Apparently 100 + 100 = -56. What's going on here?

  1. What is the bit representation of negative zero? Explain your answer.

  2. What's the largest integer that can be represented in a single byte? Explain your reasoning.

  3. What's the smallest integer that can be represented in a single byte? Explain your reasoning.

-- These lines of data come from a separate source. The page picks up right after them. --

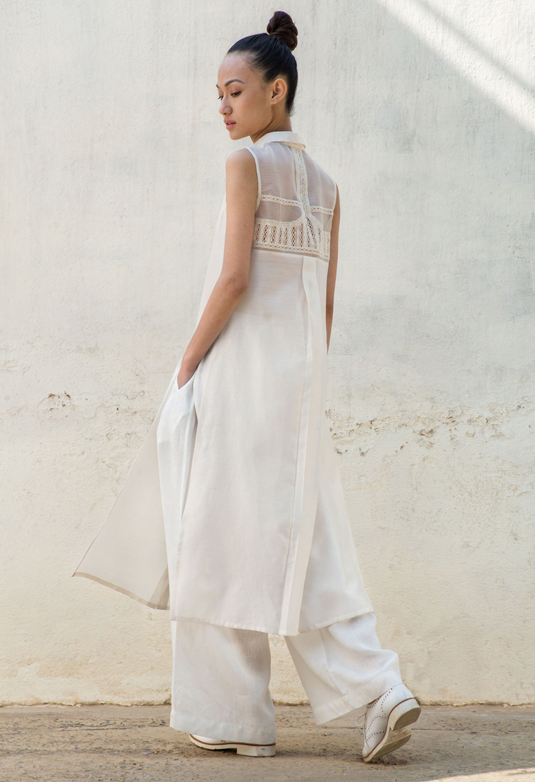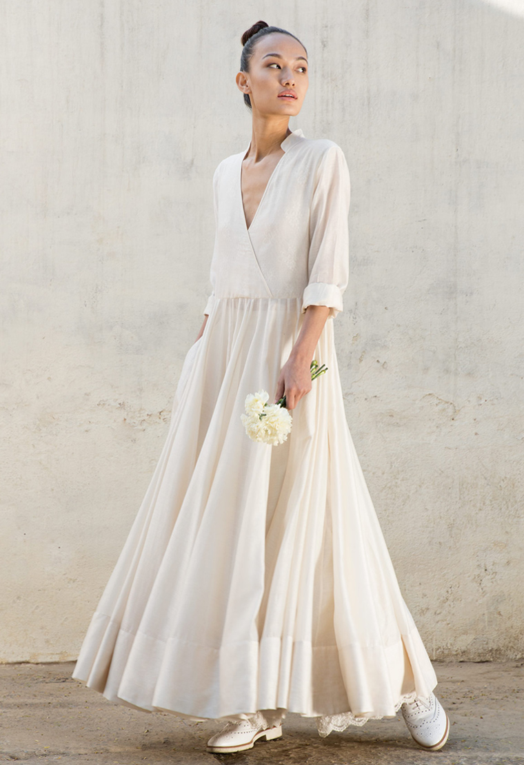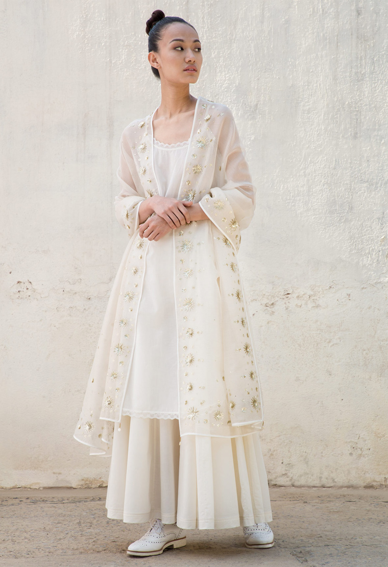 Chanderi is very Indian in its appeal, but for Sitth we’ve played with plenty of ‘western’ silhouettes. You’ll find slips and overlays, dresses and jackets—all kitted out in this silken fabric. You’ll also notice little pops of embroidery and also the lace which adds a feminine accent to these dreamy, voluminous silhouettes.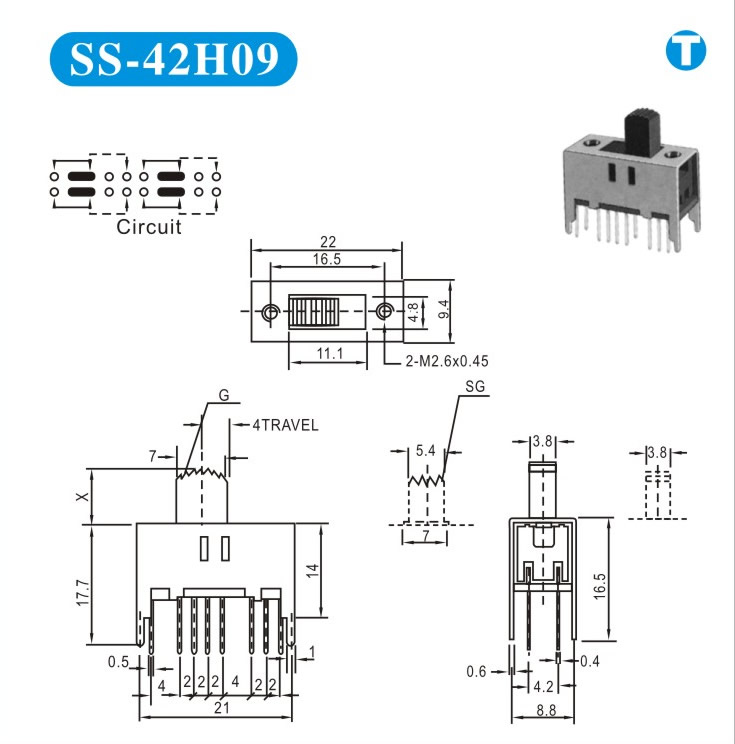 SS-42H09 詳細資料 產品說明: 技術指標: 使用溫度范圍 -20~+70℃ 耐壓 AC250V(50Hz)/min 額定負荷 DC 50V 0.5A 動作力 250±100gf 接觸電阻 ≤0.05Ω 機械壽命 10000次 絕緣電阻 ≥100MΩ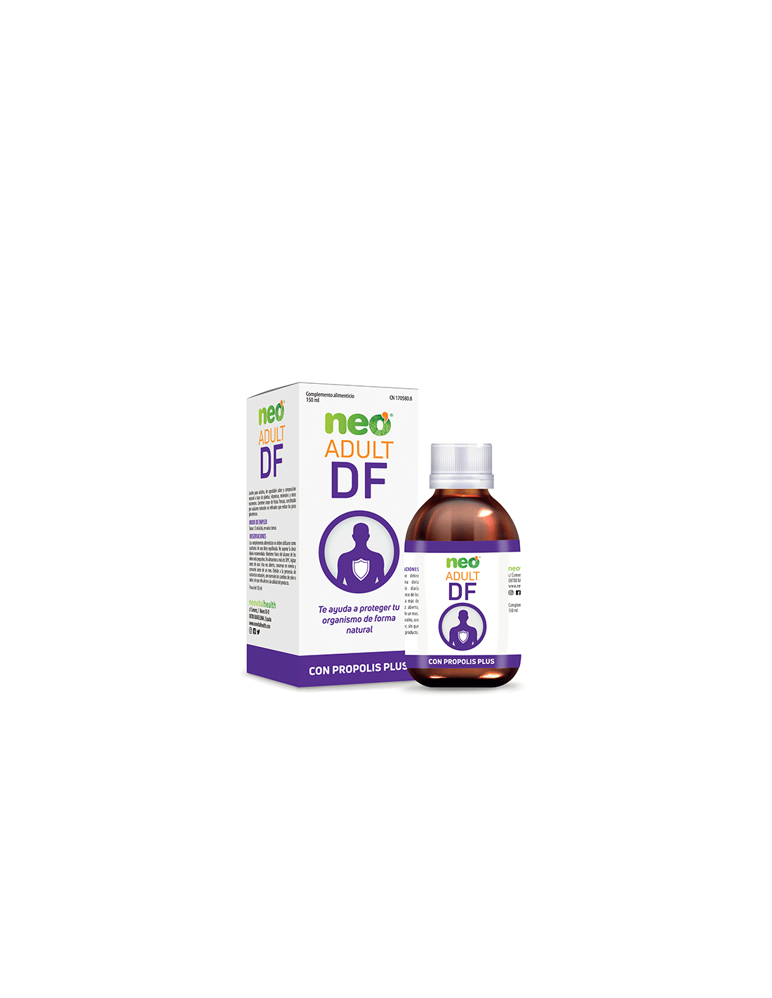 Neo Adult DF Própolis Plus es un jarabe formulado con extractos naturales de própolis, equinácea y reishi, junto con vitamina C y oligoelementos como manganeso y cobre.
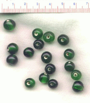 Green Druk Beads The scan make some look opaque and some transparent, but they are all the same. It's how the light hits them. 10mm round. |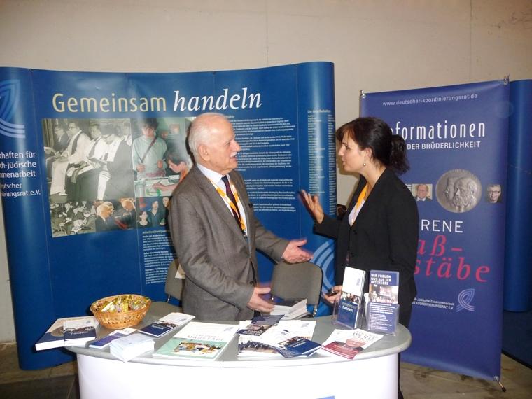 CDU-Parteitag in Karlsruhe, 2010: Annika Böhm vom Forum Junge Erwachsene (FJE) im Gespräch mit dem Vorsitzenden der Berliner DIG Feilcke

  4. What's the largest integer that can be represented in n bits? Explain your reasoning.

Text questions

  1. Look at the bits for a few different characters using the utf8 encoding. You will notice they have different bit lengths:

    >>> Bits('a', encoding='utf8')
01100001
>>> Bits('ñ', encoding='utf8')
1100001110110001
>>> Bits('♣', encoding='utf8')
111000101001100110100011
>>> Bits('😍', encoding='utf8')
11110000100111111001100010001101

    When it's time to decode a sequence of utf8-encoded bits, the decoder somehow needs to decide when it has read enough bits to decode a character, and when it needs to keep reading. For example, the decoder will produce 'a' after reading 8 bits but after reading the first 8 bits of 'ñ', the decoder realizes it needs to read 8 more bits.

    Make a hypothesis about how this could work.